Everyone who has observed former President Donald Trump in public life over the past decade seems to agree: He is his own worst enemy, and anyone hoping to get the better of him need only encourage his worst instincts.
When Trump is dwelling on the 2020 election, making outlandish claims or harping on personal grievances, he is not focusing on areas like the economy and immigration, where voters sometimes give him an advantage.
In a clear attempt to get Trump to go off-script before a national audience, Vice President Kamala Harris’s campaign tried to get him to agree to have his microphone unmuted during the two contenders’ ABC News debate on Tuesday — a change from Trump’s debate with President Joe Biden on June 27.
Harris did not succeed there — each candidate’s microphone would stay muted while the other was speaking — but she did find plenty of other ways to trigger Trump’s bad habits. On this score and several others, the debate was an indisputable success for Harris, who has sometimes faced doubts about her extemporaneous speaking abilities.
A turning point came close to the half-hour mark, when Harris laid a trap for Trump that he walked right into, predicting that he would bring up immigration unprompted throughout the debate and mocking him for holding rallies where he discusses fictional characters like Hannibal Lecter. She even said people leave his rallies early “out of exhaustion and boredom.”
“The one thing you will not hear him talk about is you,” she said, addressing viewers. “You will not hear him talk about your dreams and your needs and your desires. And I’ll tell you, I believe you deserve a president who actually puts you first.”
Trump could not resist the opportunity to defend the size of the crowds at his rallies, a frequent fixation of his.
“People don’t go to her rallies, there’s no reason to go. And the people that do go, she’s busing in and paying them,” he said, baselessly. “People don’t leave my rallies.
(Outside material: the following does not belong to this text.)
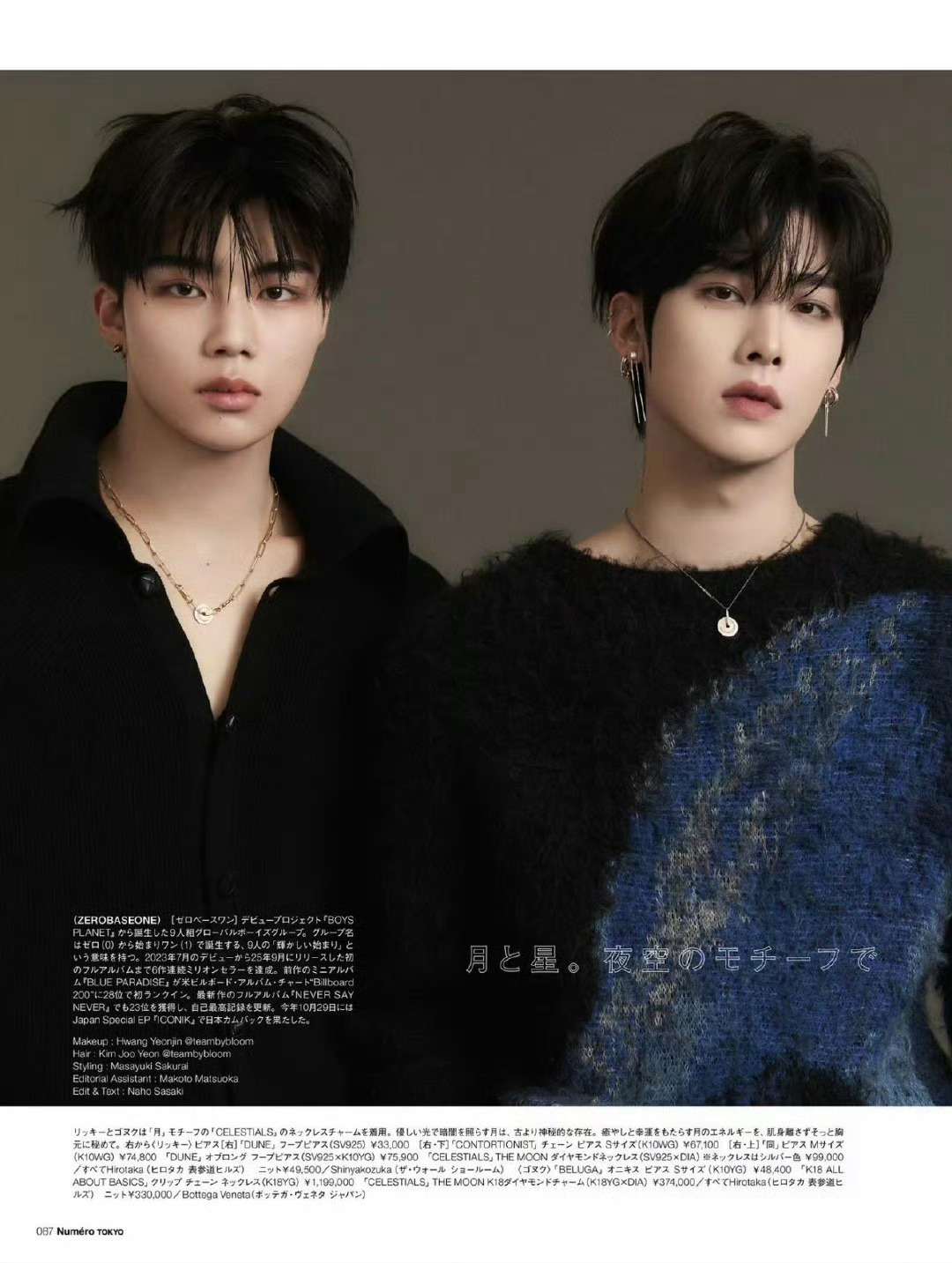 ZB1 章昊 / 沈泉锐 / 朴乾旭 / 金地雄Numéro Tokyo Jan
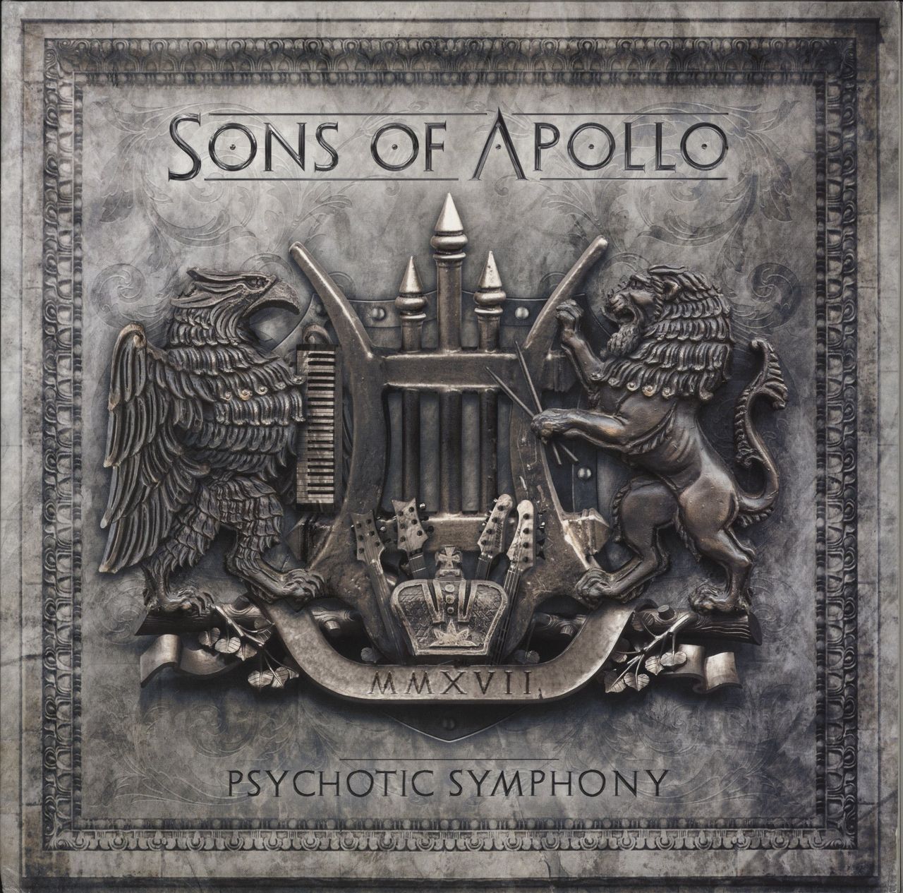SONS OF APOLLO Psychotic Symphony (2017 UK/EU limited edition 9-track three sided 2-LP set pressed on Audiophile quality 180gram Heavyweight Black Vinyl. The debut studio album by the American supergroup featuring Mike Portnoy, Derek Sherinian, Billy Sheehan, Jeff Scott Soto and Ron 'Bumblefoot' Thal housed in a gatefold picture sleeve with lyric insert . Although not sealed, this remains in a 'near mint' condition)

We have the biggest rallies, the most incredible rallies in the history of politics.”
He also managed to bring up perhaps his weirdest immigration talking point of the night ― an entirely unproven, racist rumor about Haitian migrants eating pets in Ohio ― effectively confirming her point about his immigration-themed outbursts.
The exchange set the tone for the rest of the debate. Harris’s overarching theme was that she would not be distracted from helping working families, and that Trump could not be trusted to do the same. Trump never regained his footing, and embarrassed himself by continuing to take her bait.
Harris Hit Trump Where Biden Couldn’t: On Abortion.
Harris got a notable win early in the night, when the moderators brought up a topic seen as one of her strengths: abortion rights.
“Let’s understand how we got here. Donald Trump hand selected three members of the Supreme Court with the intention that they would undo the protections of Roe v. Wade. And they did exactly as he intended,” she said.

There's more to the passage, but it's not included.